Healthy Ageing Q2 2020 editorial by James Mawson, editor in chief, Global Corporate Venturing
When famed Silicon Valley venture capitalist Peter Thiel funded the Methuselah Mouse Prize it was a way of supporting anti-ageing research under the aegis of controversial gerontologist Aubrey de Grey.
The ultimate goal for some in the Valley and beyond is the ‘longevity escape velocity’ – for each year you live life expectancy increases by more than a year.
Given the latest pandemic concerns, this might seem over-ambitious but the improvements in life expectancy over the past century and unprecedented wealth among entrepreneurs has encouraged an approach to whether death should be one of the certainties – alongside taxes – in life.
The incremental improvements in life expectancy in the past few decades have, however, stalled for at least some demographics and people’s attention is focused on what can be done as well as an overall improvement in the quality of life as people age.
Sir William Beveridge’s focus more than 75 years ago were on the five giants of want, disease, ignorance, squalor and idleness.

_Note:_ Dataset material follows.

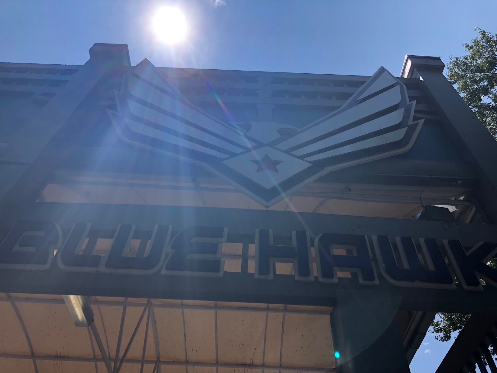 Blue Hawk is the parks Vekoma Looping Coaster. This was my second favorite ride in the park. Formerly known as Ninja, SFOG put a ton of money into it a few seasons ago and added new trains with soft vest restraints, new paint, and track work. The end result is a smooth, forceful ride, with some ridiculous elements. I absolutely loved this ride, and re-rode it multiple times!

Now, as Kaloyan Andonov writes in this supplement’s main feature, the Centre for Ageing Better charity has seven themes to stimulate innovation in a pursuit of longer and healthier lives for all:
- Sustaining physical activity
- Maintaining health at work
- Design for age-friendly homes
- Creating healthy, active places
- Supporting social connections
- Living well with cognitive impairment
- Managing common complaints of ageing.
And whereas Beveridge wanted government to pick up the bill to remove the burden on corporations and individuals, attention is increasingly from the state on how to tap the sort of Valley mindsets and entrepreneurialism through open innovation.
The goal has remained broadly similar since Clement Attlee enacted effectively all Beveridge’s reforms: an increase in the competitiveness of British industry while producing healthier, wealthier, more motivated and more productive workers keen to buy British goods.
But private finance has substantially underfunded certain areas related to healthy ageing. Diabetes and Alzheimer’s see substantial investment. Nursing robots less so.
This is where the government is keen to step in. Crowding in corporate and other financial investing leverages the government’s use of challenges, grants and other financial tools. The government wants to prime the pump. The NHS is potentially a large customer for those meeting the healthy ageing goals.